I have participated in dozens of church retreats across the years, many
of them with youth of the churches I have served.
They have been special times, set-apart times, when we could focus on
some aspect of our lives as Christians and discover how to live our faith more
deeply and authentically.
On this Lenten church retreat, we’ll
not be going away and bunking in rustic cabins and making s’mores around a
campfire and taking cold showers. That
might be fun, or not, but the retreat I have in mind comes from disciplining
ourselves to think about and to ponder more than we usually do the life and
lives we are living as the risen body of Christ in the world, as the church,
both in its corporate incarnation – all of us together – and individually as
members of it.
Lent often has about it a somber sense.
But I want to encourage another tone and tenor for our retreat.
While we often have called Lent a “penitential” season – a time of
repentance and penance – and marked it out with the color purple, I want to
suggest an alternate view. In the
time of Jesus, purple was a very rare dye and thus very expensive.
Nowadays, we are used to being able to get any color we want because most
of our dyes are synthetic. But in
those days dyes were natural. The
dye for purple was made from a juice found in minuscule quantities in shellfish.
It took thousands of crustaceans to make a yard or two of purple.
Therefore, it often was associated with royalty since only the very
wealthy could afford it. It was a
statement of elevated status.
So what if we understood that purple as
the color for Lent means to signify our royal nature in the eyes of God?
I think such an interpretation is reasonable for remember how Peter wrote
to the Christians in the first of his pastoral letters that is preserved in the
New Testament? He said, “You
are a chosen race, a royal priesthood, a holy nation, God’s own people,
in order that you may proclaim the mighty acts of him who called you out of
darkness into his marvelous light.”
So, on our Lenten church retreat, I
would propose that we see with the eyes of our minds and hearts our
divinely-decreed royal status that reminds us of who we really are, to whom we
first of all belong, and the high standard to which our words and deeds and
spirits are called. To say it
another way, the Lenten retreat is a time for the church to remember the appeal
to us of Love to love. If I had
thought about it in time, I would have gone to the fabric store and procured for
each of you a swatch of purple that you could put in your home to remind you of
your regal stature in God’s eyes and of the noble life we are called to live
as God lives in us and through us. Maybe
you will want to do that for yourself, to find a piece of purple and put it in a
prominent place during these Lenten weeks of our church retreat.

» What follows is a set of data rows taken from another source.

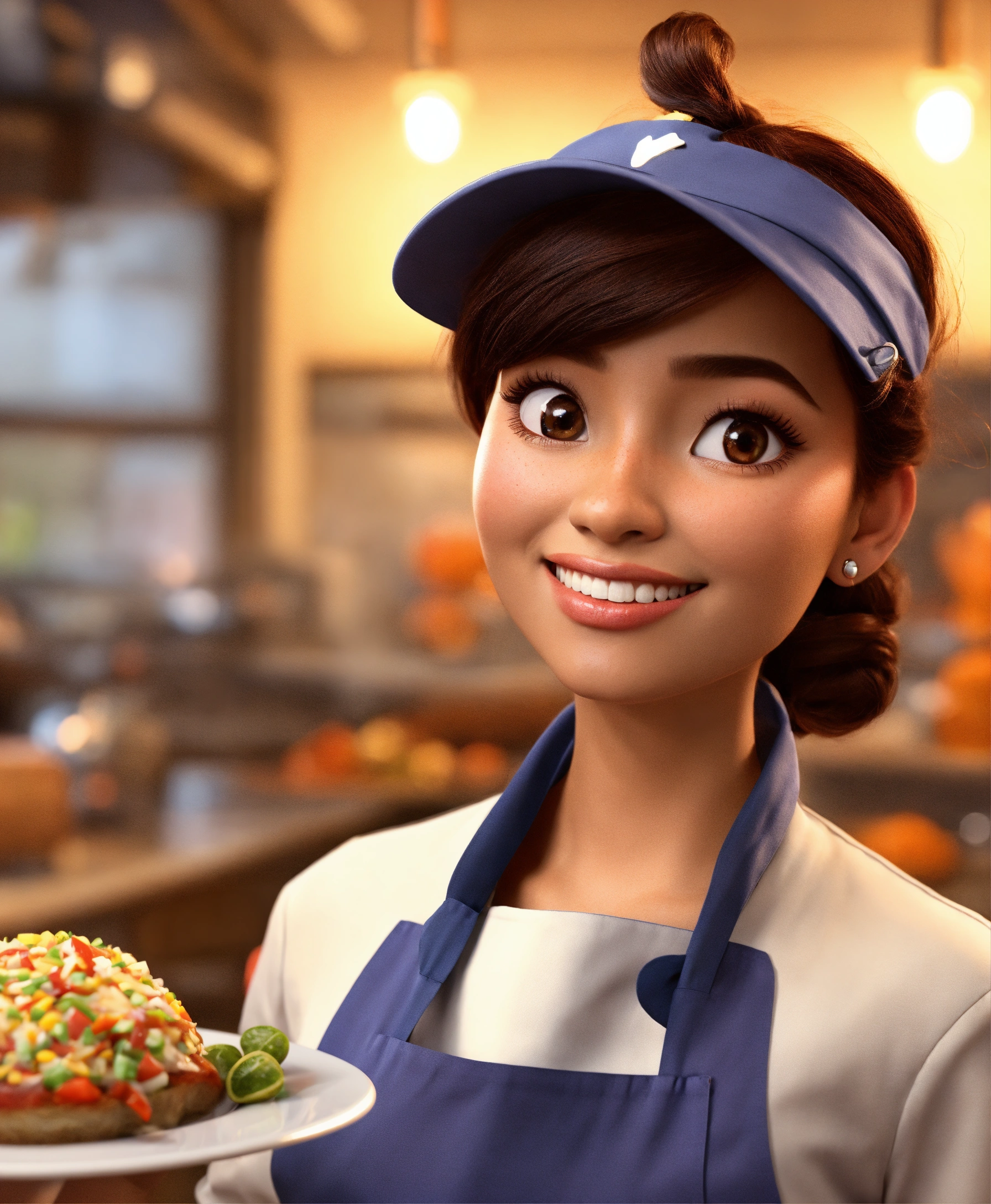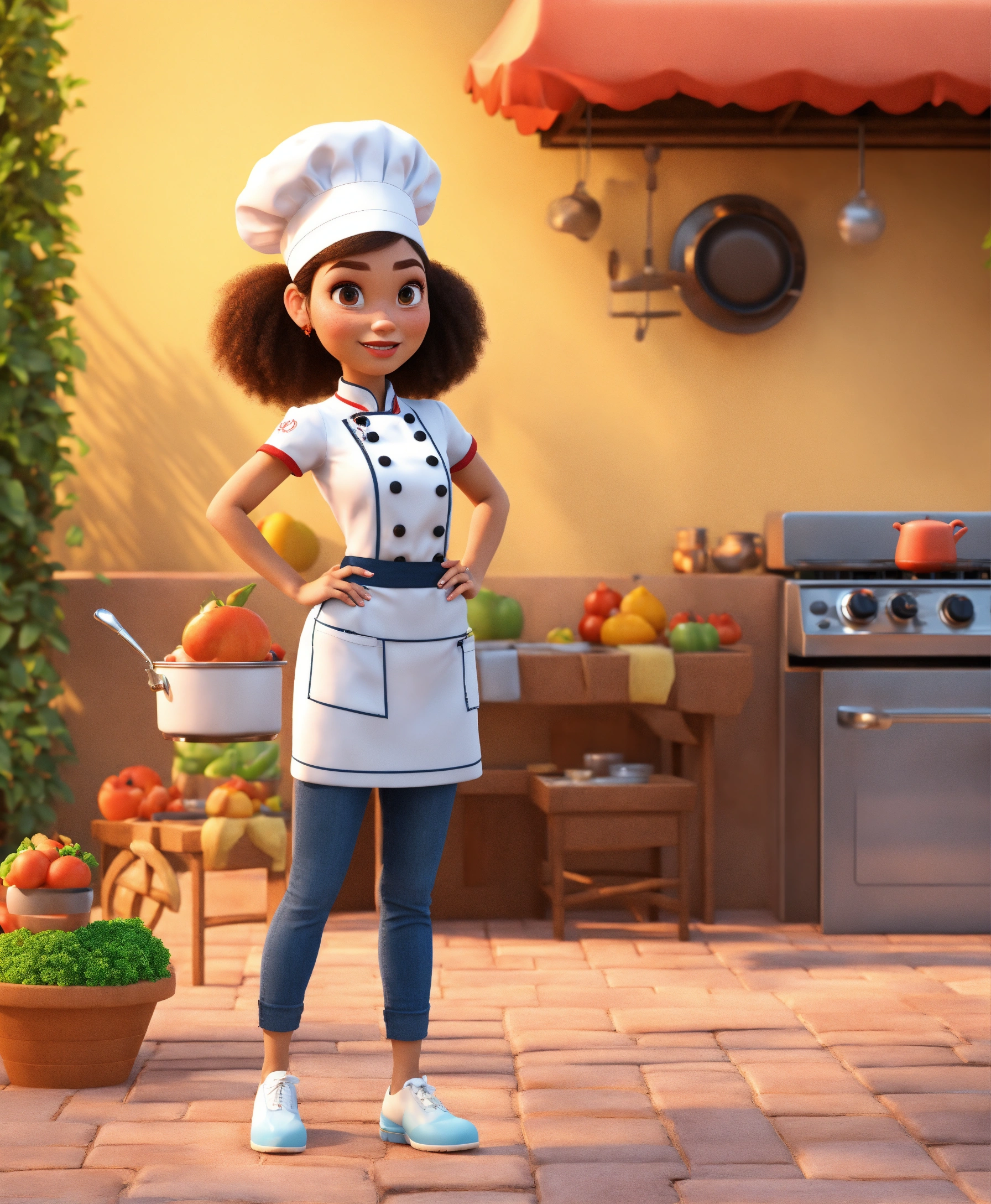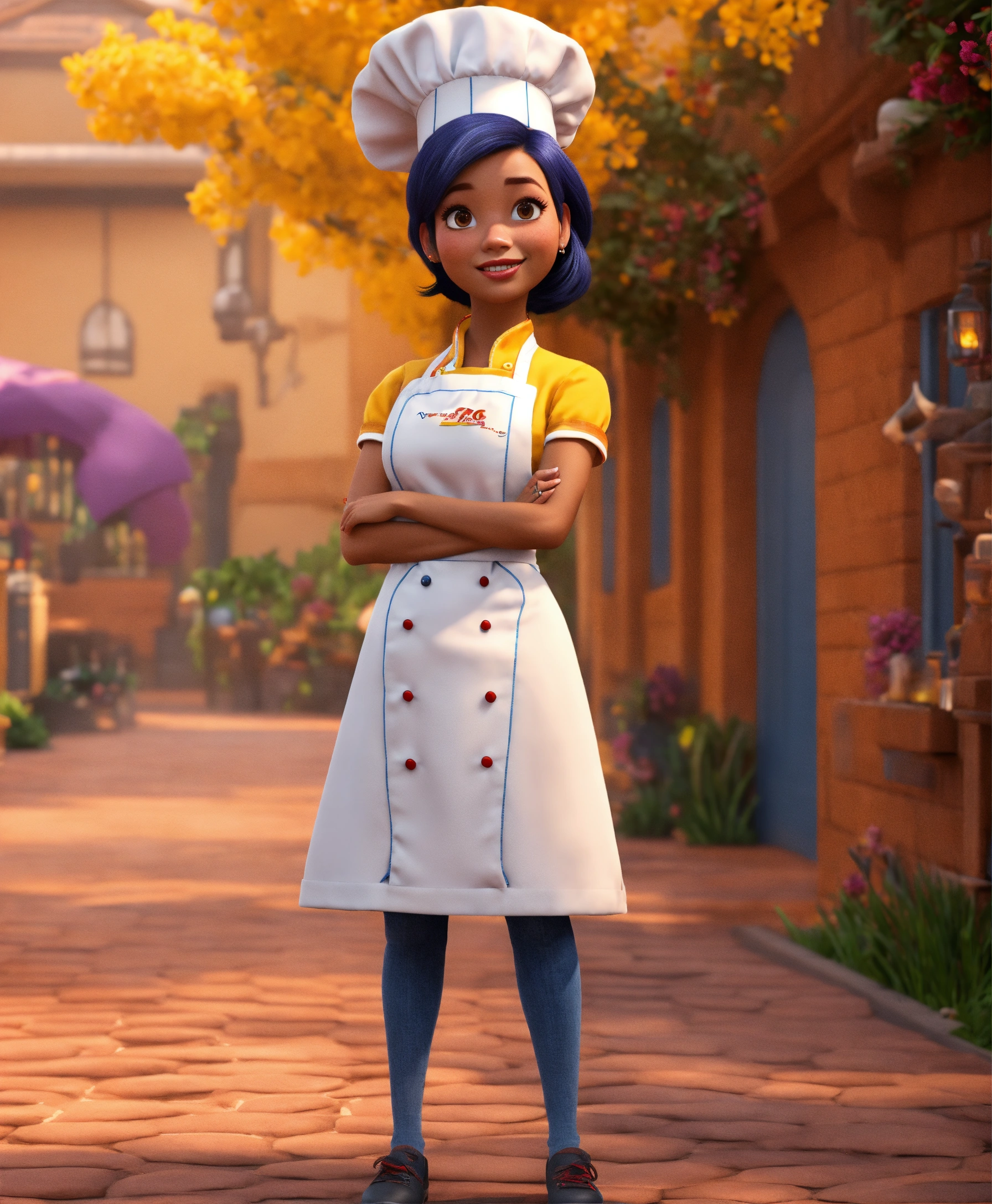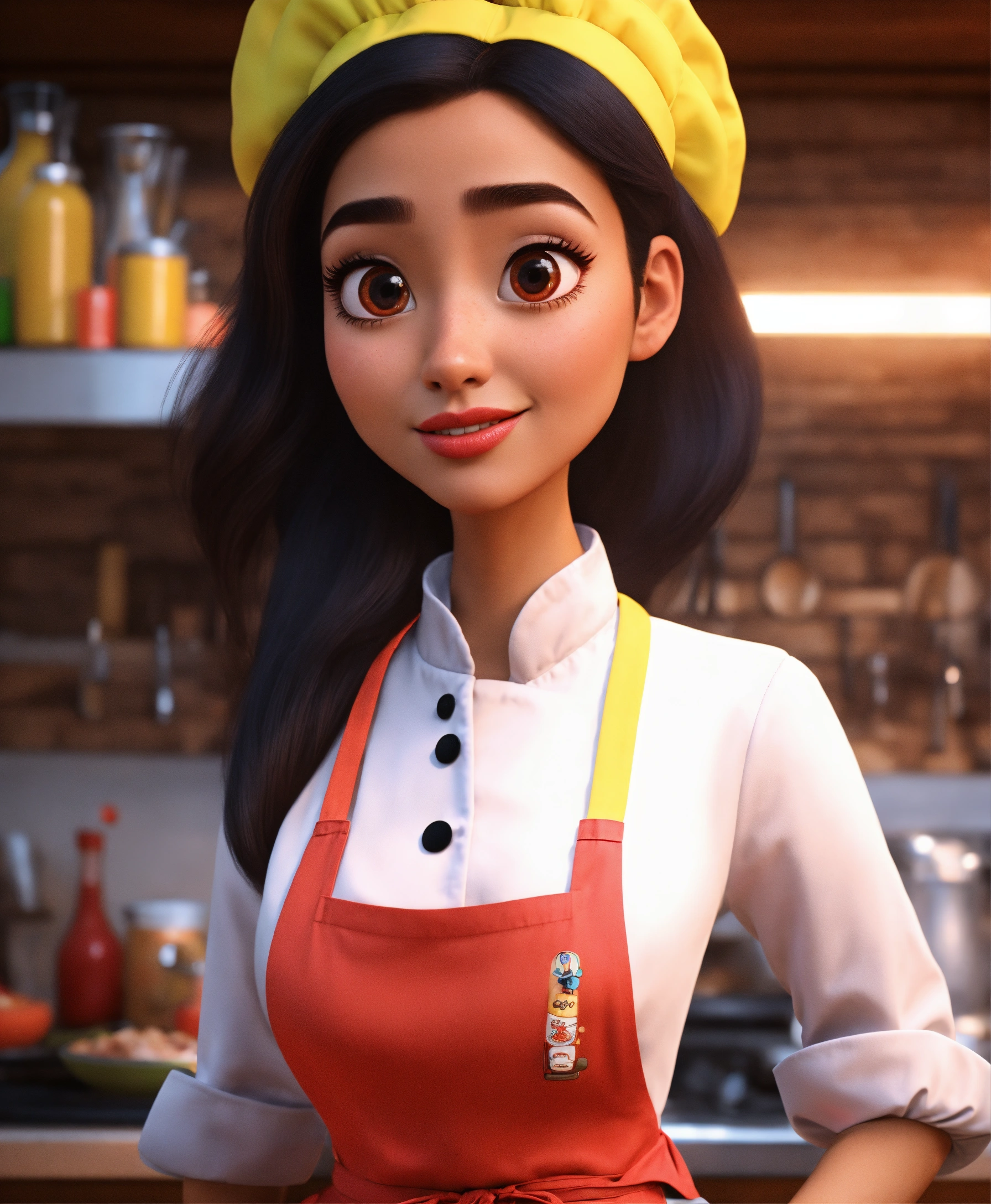 Linda chica, vestimenta chef, vestimenta negra, estilo pixar, estilo 3d, estilo disney, 8k, postura de frente
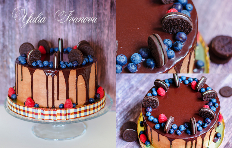 Украшение тортов кремом,шоколадом, фруктамиЭтот тортик для замечательных мальчишек и братьев Сени и Вени заказала их заботливая мама ирина ! Один любит шоколад, другой Наполеон! Нужно было угодить обоим!))
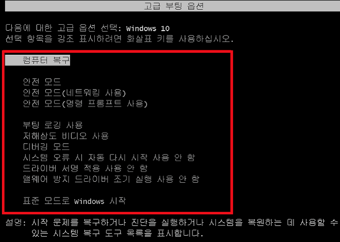 한마디로, 내 컴퓨터의 오류를 점검할 수 있는 점검 모드라고 보면 되겠다.
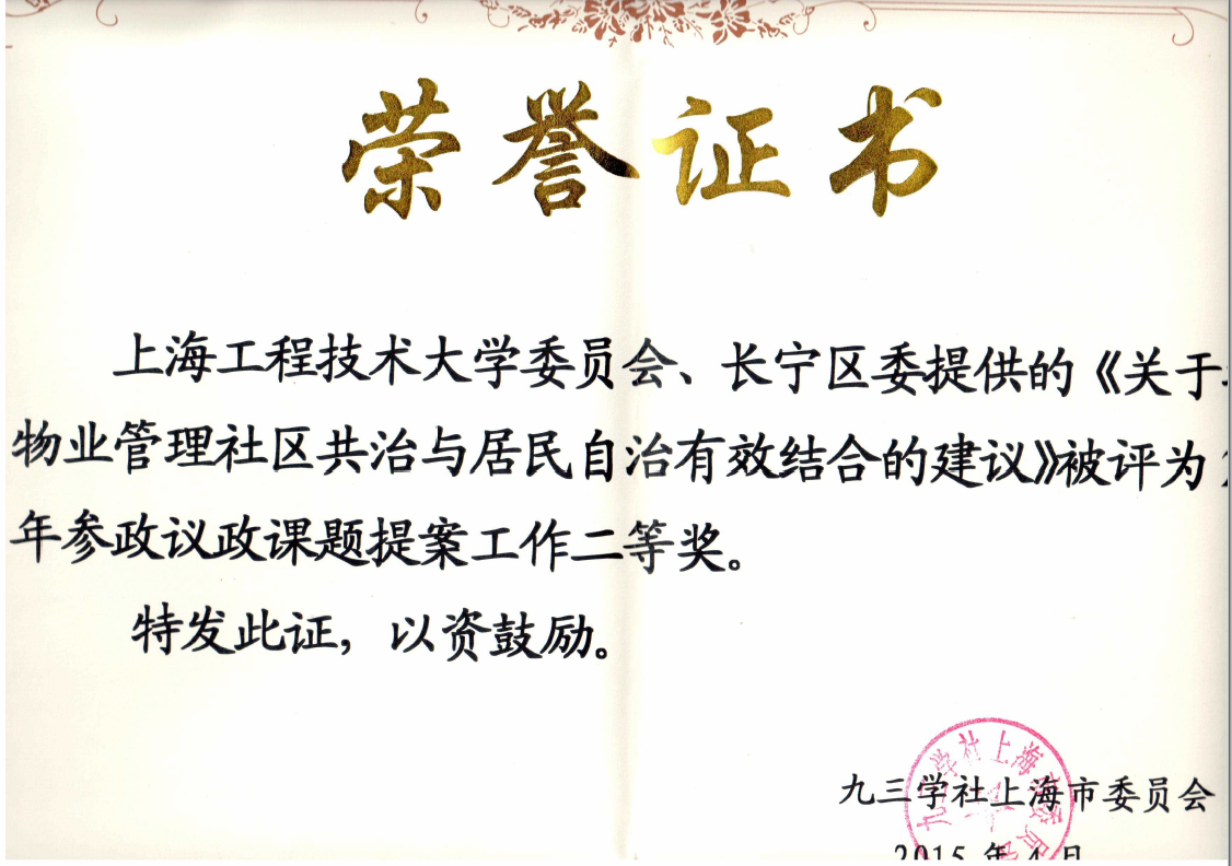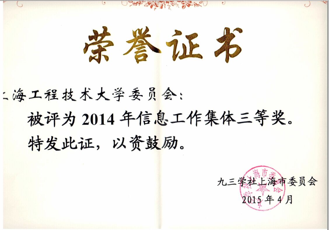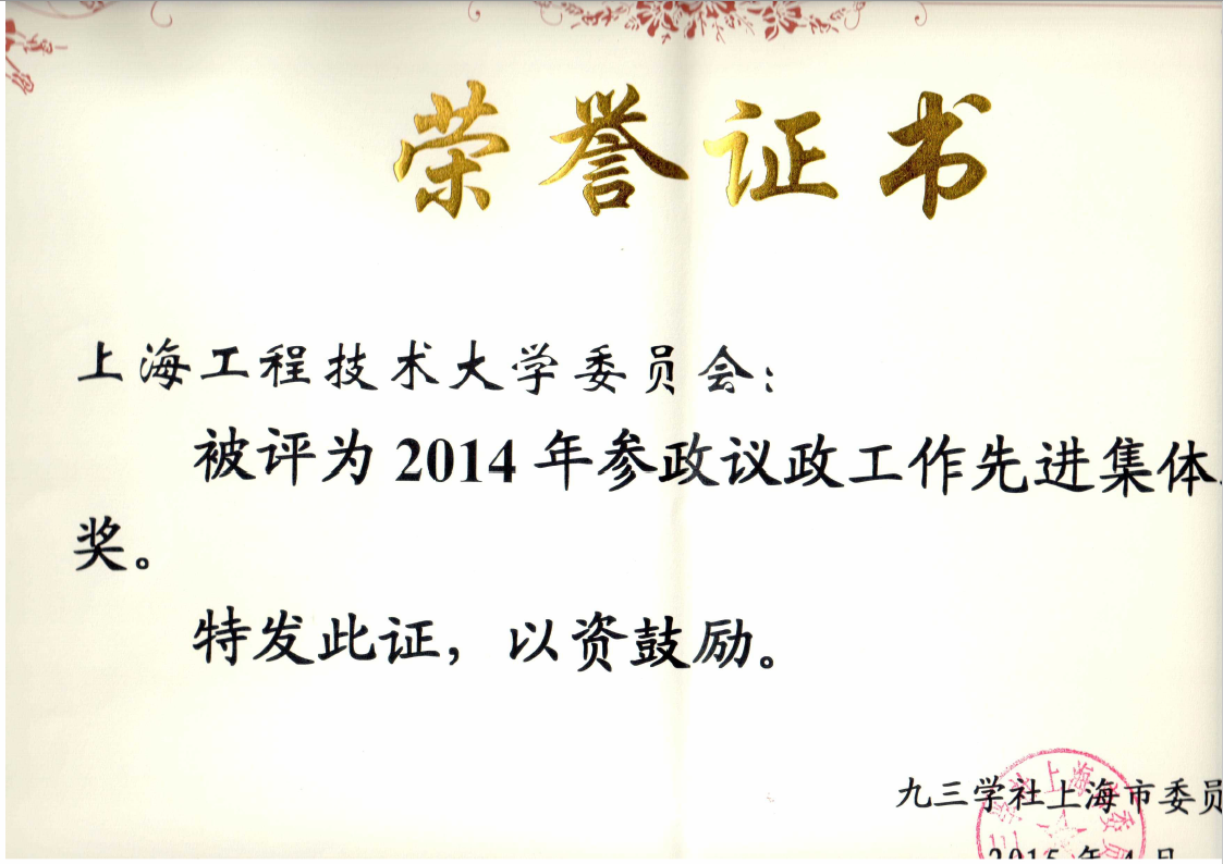 日前,九三学社上海市委隆重表彰了2014年度参政议政工作集体和个人。上海工程技术大学委员会荣获参政议政工作二等奖;郝勇教授领衔的二个课题获得课题提案二等奖(其中一个是与长宁区委合作完成);信息工作先进集体三等奖。在年初委员会申报的2015参政议政课题中,郝勇教授领衔的“医养融合中社区医护人力资源供需研究”获批市委重点课题;3项招标课题;和1项培育课题。
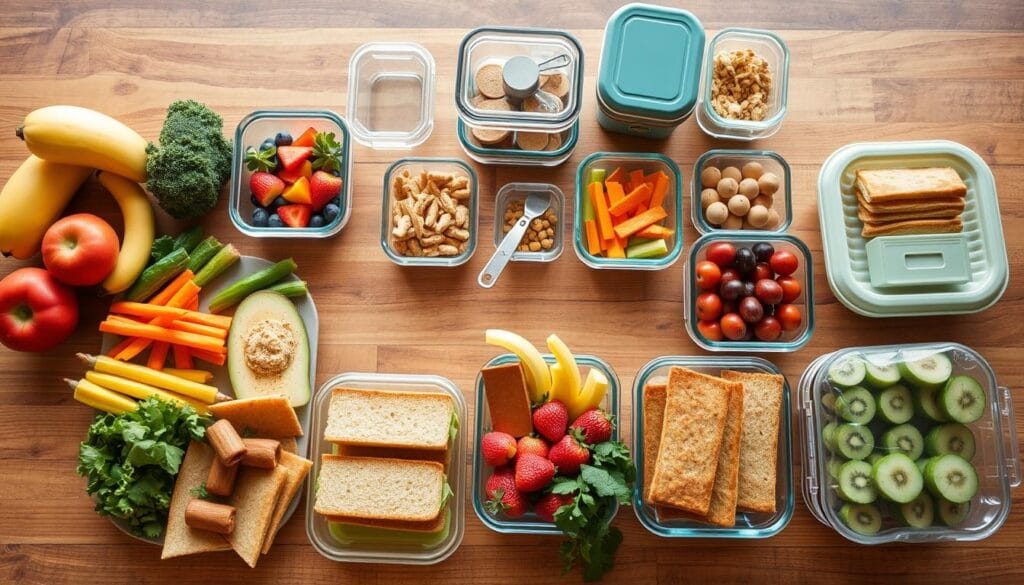 Batch cooking on weekends is a big help. Prepare fruits, veggies, proteins, and grains ahead. This makes packing lunches easy during the week.
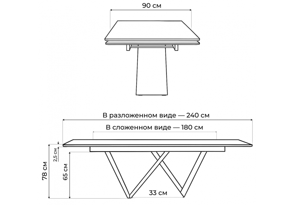 Длина стола в разложенном виде
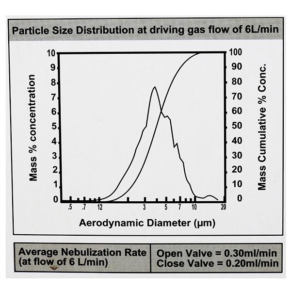 • Mass Median Aerodynamics (MMAD) is 4 µm at 6-8 LPM Litre Flow Range.

The Lenten retreat is not so much a
time for gloomy introspection or morose circumspection as it is an opportunity
to grapple with the ways that we are tempted to back away from the primacy of
God in our lives. Lent is not about
shame and judgment and self-flagellation but rather, as we live toward Easter, a
deepening awareness of the presence of the Christ of God in our lives and our
life together and what that means for us.
Our gospel reading for the first Sunday
of our retreat is the account of the temptations faced by Jesus as he was being
prepared by God for his public ministry. As
disciples, followers, and beloved ones of God, similar temptations come to us in
our lives. It is tempting for us to
put God on the back burner while we take care of our seemingly more immediate
needs first. Jesus, having fasted
for forty days and forty nights, was famished and the tempter said to him, “If
you have the power of God in you, command these stones to become bread.”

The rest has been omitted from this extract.